對象“TheTable”、數據庫“TheDb”、模式“dbo”的 INSERT/UPDATE/DELETE 權限被拒絕
我在一個數據庫上有兩個 SQL Server 使用者帳戶,它們在
INSERT / UPDATE / DELETE. SQL Server 版本是 2008 R2(10.50.4042,64 位)。UserA(SQL 登錄):可以執行這些命令(在任何表上)。它是 SQL Server 的“本地”帳戶(SQL Server 登錄,而不是本地伺服器上的 Windows 帳戶)。
UserB(Windows 登錄):不能。它來自 Windows AD 帳戶。它是數據庫伺服器上管理員組的成員。
它得到錯誤:
對象“TheTable”、數據庫“TheDb”、模式“dbo”的 INSERT/UPDATE/DELETE 權限被拒絕
據我所知,這兩個帳戶具有相同的角色。這些角色之一具有對錶的權限
INSERT/UPDATE/DELETE。這些帳戶不是角色的成員
db_denydatawriter。我試圖明確授予 UserB 的權限:
GRANT SELECT, UPDATE, DELETE, INSERT on TheTable TO [DOMAIN\UserB]但我仍然有錯誤。
如果我
sysadmin在 UserB 上添加角色,當然它有權限。但我不想讓它有這個角色。所以,對我來說,剩下的唯一區別是local account與Windows AD account。
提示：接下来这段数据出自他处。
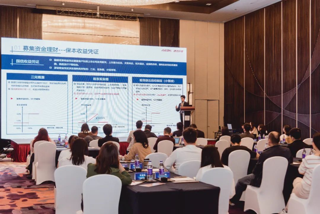 ▲国信证券财富管理与机构事业部机构业务中心胡启星为会场人员做“企明星+综合服务介绍”。他分享道,国信证券以企业客户证券事务管理为核心环节和切入点,应用大数据、人工智能等前沿金融科技成果,为企业客户提供涵盖股权激励全流程管理、特定股东股份交易合规管控、智能算法交易等一站式数字化综合服务,并配套融资服务、市值管理等衍生增值服务,构建企业客户综合服务生态圈。
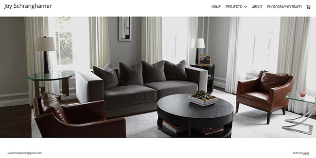 Joy Schranghamer bir iç mimardır ve web sitesi, kişisel tasarım felsefesinin bir yansımasıdır. Temiz, düzenli ve minimalist Joy'un web sitesi, çalışmalarınızı vurgulamak ve web sitenizin merkezinde tutmak için minimalizmin nasıl kullanılabileceğinin harika bir örneğidir.
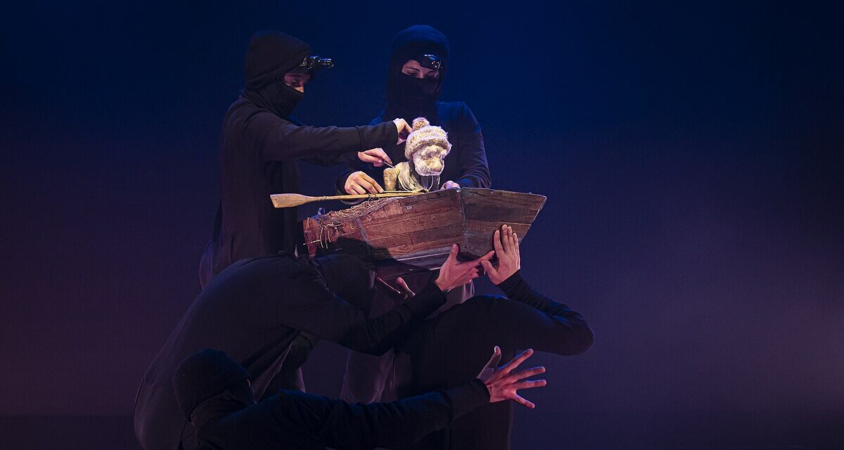 Dues són els grans troballes de la proposta: la cura dels elements que apareixen a l’escena, feta amb materials nobles i reciclats, sempre amb el referent marítim de les arts de la navegació -la mateixa barca és una meravella de construcció que val la pena veure de ben a prop per descobrir els seus detalls- i la manera tan original que han trobat de representar la força dels elements aquosos del mar, mitjançant els cossos tapats de negre dels cinc o sis manipuladors de la companyia, en una feina coreogràfica molt ben estudiada que demanava una bona preparació en teatre físic i dansa.
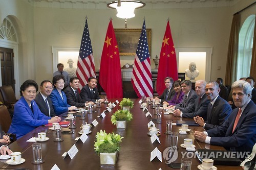 | △ 버락 오바마 미국 대통령은 24일(현지시간) 제7차 미·중 전략경제대화 참석차 방미한 류옌둥 부총리를 비롯한 중국 대표단을 접견하고 "북한에 핵과 경제를 동시에 개발하려는 노력이 성공할 수 없음을 보여주는 것의 근본적인 중요성을 논의했다"고 백악관이 이날 성명에서 밝혔다. (AP=연합뉴스) |
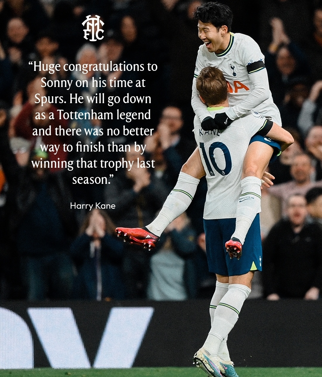 토트넘은 10일(한국시간) 밤 공식 SNS에 사진 2장을 올렸다. 손흥민과 케인이 골을 합작한 뒤 서로 포옹하거나, 손흥민이 세리머니하는 동안 케인이 뒤에서 끌어안고 있는 장면이다.
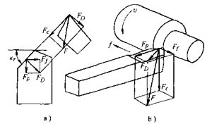 (1) 切削力的產(chǎn)生與切削力的分解 切削加工時(shí),在刀具的作用下,被切削層金屬、切屑和工件已加工表面金屬都要產(chǎn)生彈性變形和塑性變形,這些變形所產(chǎn)生的抗力分別作用在前刀面和后刀面上:同時(shí),由于切屑沿前刀面流出,刀具與工件之間有相對運(yùn)動(dòng),所以還有摩擦力作用在刀面和后刀面上。這些作用在刀具上的合力就是總切削力F,簡稱切削力。
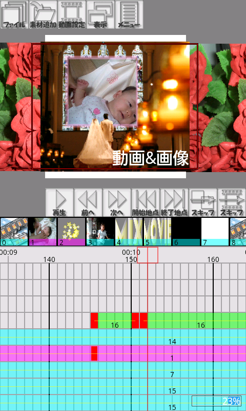 フレーム単位で自由に編集でき、写真と動画の組み合わせや、写真とエフェクトだけで動画を作ってみたりと、好きな動画を作りこむことができます。
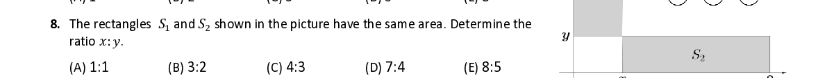 Q8. The rectangles 푆 1 a nd 푆 2 shown in the picture have the same area . Determine the ratio 푥 : 푦 .
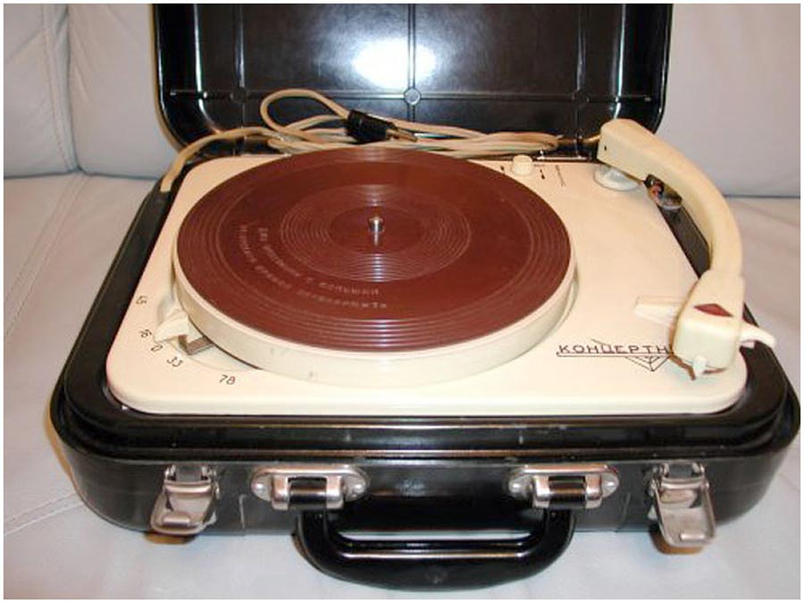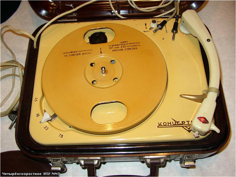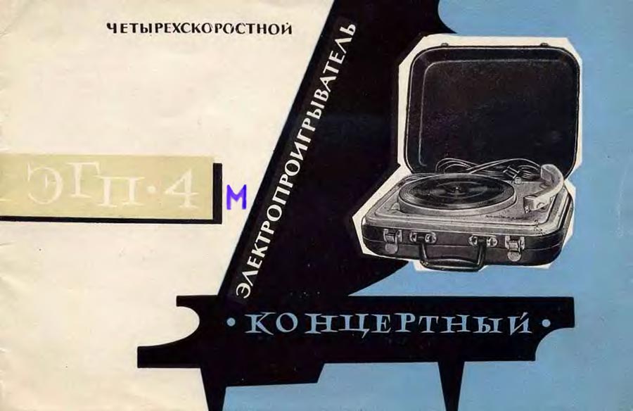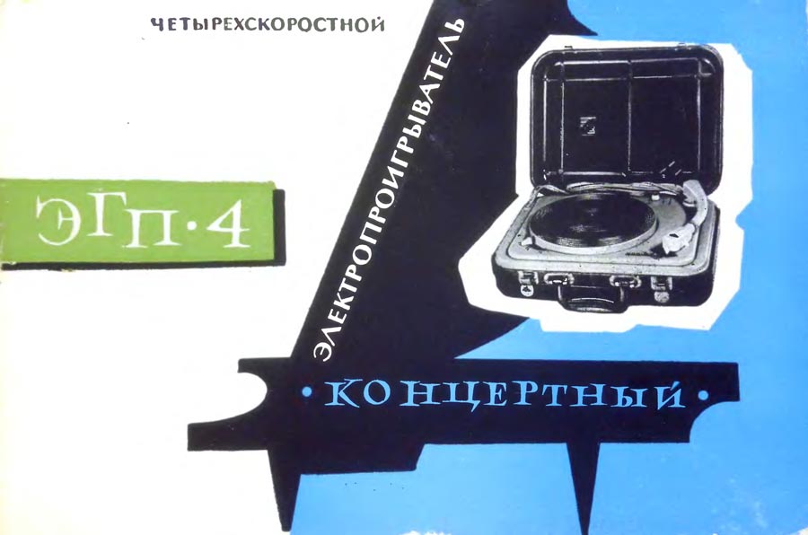 Электропроигрыватель *Концертный* ЭГП-4 с весны 1961 года выпускал Московский электромашиностроительный завод. Электропроигрывателем, подключившись к приёмнику или телевизору имеющему вход звукоснимателя можно было проигрывать обычные и долгоиграющие граммофонные пластинки с 4-мя скоростями вращения: 16, 33, 45 и 78 об/мин. ЭП имеет автостоп, выключающий электродвигатель при окончании проигрывания пластинки. Конструкция обеспечивает уверенную работу автостопа со стандартными грампластинками. Звукосниматель стоит пьезоэлектрический и воспроизводит полосу звуковых частот 50...15000 Гц. Чувствительность звукоснимателя - 80 мВ/см/сек. Электродвигатель типа ДАП-1. Питание от сети переменного тока 127 или 220 В. Масса ЭП - 6,4 кг. Цена 16 рублей 80 копеек. В 1963 году ЭП был модернизирован в *Концертный* (ЭГП-4М).

您知道獲得有關潛在 Windows AD 帳戶特定權限的更多資訊的方法嗎?
經過更多研究,我懷疑UserB有一個沒有權限的角色。這個Stack Overflow 的回答讓我走上了正軌。這是一個查詢顯示:
-- Users that are members of roles without any permission : select * from sys.database_role_members members left outer join sys.database_principals memberprinc on memberprinc.[principal_id] = members.[member_principal_id] left outer join sys.database_principals roleprinc ON roleprinc.[principal_id] = members.[role_principal_id] where members.role_principal_id in ( -- Roles without any permission : select principal_id from sys.database_principals roleprinc where not exists ( select * from sys.database_permissions perm where perm.[grantee_principal_id] = roleprinc.[principal_id]) ) and memberprinc.name = 'DOMAIN\UserB'但我無法編輯這些表(即使具有 sysadmin 角色),這是可以理解的。
Msg 259 不允許對系統目錄進行臨時更新。
我注意到UserA和UserB之間的另一個區別:在 TheDb 屬性上,選項卡權限,子選項卡有效:
我發現(來自 SQL Server Profiler)這個列表來自以下查詢:
EXECUTE AS LOGIN = N'DOMAIN\UserB'; SELECT permission_name AS [Permission] FROM fn_my_permissions(N'[TheDb]', N'DATABASE') ORDER BY permission_name; REVERT;你知道如何追踪這些權限的來源嗎?
正如評論中所建議的,我列出了UserA和UserB
DENY的權限:SELECT [dp].[name] AS [user_name], [dpr].[name] AS [role_name], [per].[permission_name], [per].[state_desc], OBJECT_NAME([major_id]) AS [object_name] FROM [sys].[database_principals] AS [dp] INNER JOIN [sys].[database_role_members] AS [drm] ON [dp].[principal_id] = [drm].[member_principal_id] INNER JOIN [sys].[database_principals] AS [dpr] ON [drm].[role_principal_id] = [dpr].[principal_id] INNER JOIN [sys].[database_permissions] AS [per] ON [dpr].[principal_id] = [per].[grantee_principal_id] WHERE [dp].[name] in ('DOMAIN\UserB', 'UserA') AND [per].[state_desc] = 'DENY' ORDER BY [dp].[name];這兩個使用者對兩個對象具有相同的
DENY權限:user_name role_name permission_name state_desc object_name --------------------------------------------------------------- UserA RoleC REFERENCES DENY ObjectD UserA RoleC REFERENCES DENY ObjectE DOMAIN\UserB RoleC REFERENCES DENY ObjectD DOMAIN\UserB RoleC REFERENCES DENY ObjectE有沒有人有更多的線索?
SELECT SUSER_NAME()當DOMAIN\UserB我以DOMAIN\UserB.
您必須在目標數據庫中將對像作為安全對象添加給使用者,然後添加必要的安全對象並授予更新權限。
嘗試使用以下腳本。它對我有用。
GRANT SELECT ,UPDATE,DELETE,INSERT ON OBJECT::YourTable TO [Domain\User]; GO我嘗試在 MyLab 數據庫中對使用者 Anoop 授予上述權限。
GRANT SELECT ,UPDATE,DELETE,INSERT ON OBJECT::Account TO [*MyDomain*\anoop]; GO以下是授予許可後的螢幕截圖。